No consumir la suficiente agua: la deshidratación repercute en los niveles de energía. Entre otras provoca la disminución del volumen sanguíneo, convirtiendo la sangre en más especie. Al latir el corazón con menos eficiencia se reduce la velocidad con que los nutrientes y el oxígeno llegan a los músculos.

Falta de hierro: el déficit de hierro en el organismo ocasiona debilidad, cansancio, irritabilidad y dificultades para concentrarse. Lo adecuado sería incrementar el consumo de carne roja, vegetales de hoja verde, tofu y nueces.

La intención de ser perfecto: esa forma de pensar hace que se trabajen más horas y durante más tiempo. Muchos de los objetivos que se plantean no resultan realistas y con el tiempo de producen las decepciones.

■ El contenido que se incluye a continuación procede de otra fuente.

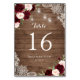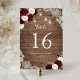 Floral Burgundy Rustic Wood Lace String Lights Tischnummer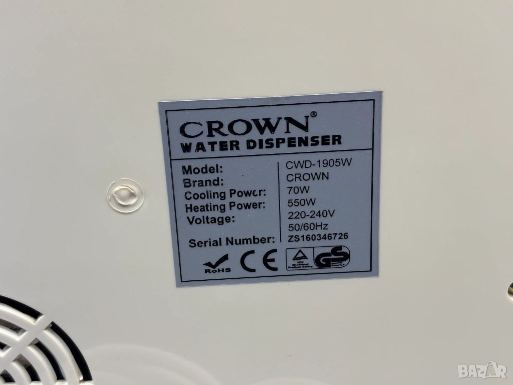 Офис диспенсър за вода Crown CWD-1905W, с електронно охлаждане, бял

Saltarse el desayuno: al levantarse por la mañana de la cama es preciso reponer fuerzas con un desayuno. No hay que olvidar que se trata de la primera comida del día. Lo adecuado sería introducir en ella proteínas, granos enteros y grasa saludable.

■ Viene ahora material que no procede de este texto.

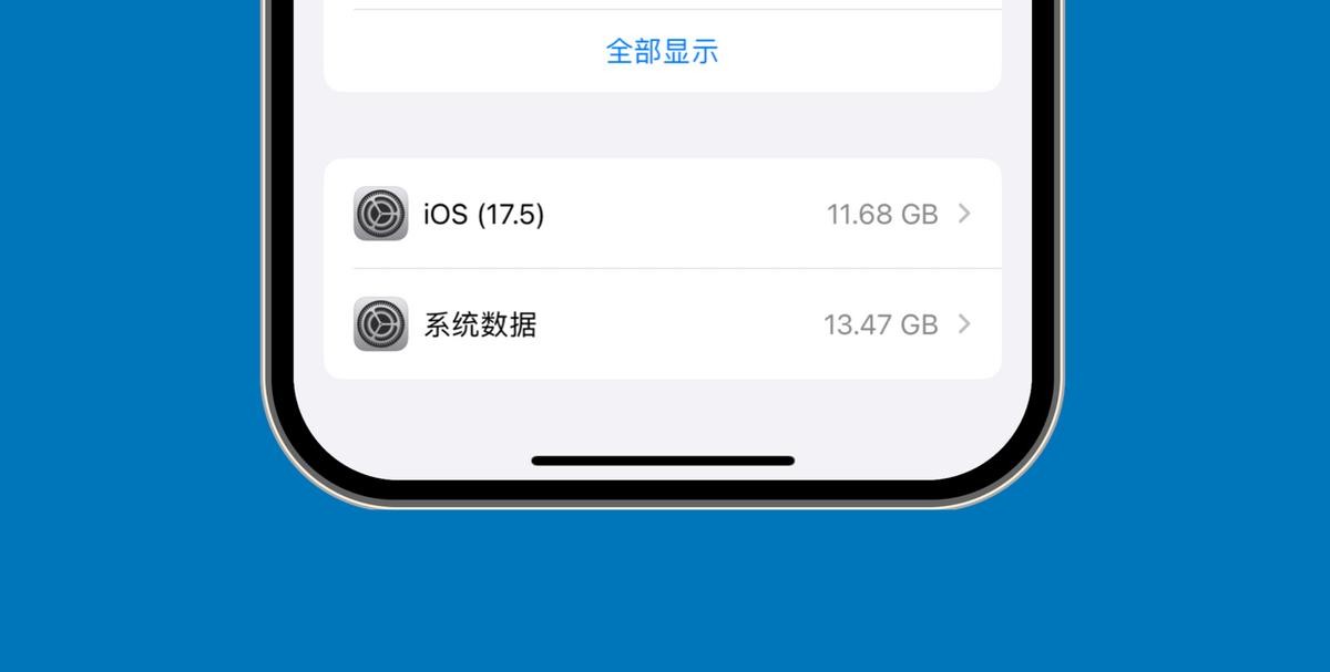就拿iPhone来说,最新版本的iOS 17.5的系统容量达到了11.68GB,而系统数据则超过了13GB,系统部分的总占用将近25GB。

Una dieta compuesta por comida basura: las comidas repletas de carbohidratos y azúcar implican un alto índice glucémico. Eso origina una sensación de cansancio permanente. En la alimentación diaria no deben faltar las frutas y verduras frescas.

Tener la oficina desordenada: sentarse en una mesa repleta de papeles, en donde encontrar un documento resulta casi imposible, no es lo más conveniente. Se acaba restringiendo la capacidad de concentrarse.

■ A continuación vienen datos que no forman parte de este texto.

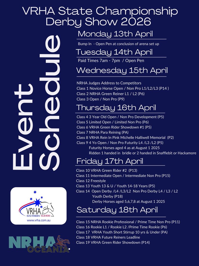 Class Draws posted on the website are subject to changes due to late entries and scratchings

Preocuparse del trabajo en vacaciones: cuando te encuentres en tu jornada de descanso o de vacaciones no debes mirar ni el correo electrónico. Hay que desconectar por completo de las obligaciones laborales en ciertos momentos para que cuando llegue el momento de regresar a la rutina se haga con muchas ganas.

Tomar una copa de vino por la noche: el alcohol afecta de manera negativa al sistema nervioso central y puede estropearnos el descanso nocturno.

Mirar móviles y tabletas en la cama: las luces de las tabletas y teléfonos acaban alterando el ritmo cardíaco por medio de la eliminación de melatonina, que es la hormona que se ocupa de controlar los ciclos del descanso. Una hora antes de meterse en la cama hay que desconectar todos los aparatos electrónicos.

No respetar los horarios: durante los fines de semana se pueden permitir algunas licencias. No ocurre nada por dormir algo más, pero tampoco es cuestión de levantarse dos horas más tarde de lo habitual. De lo contrario nuestro organismo se resentiría y el lunes por la mañana le costaría mucho recuperar la normalidad.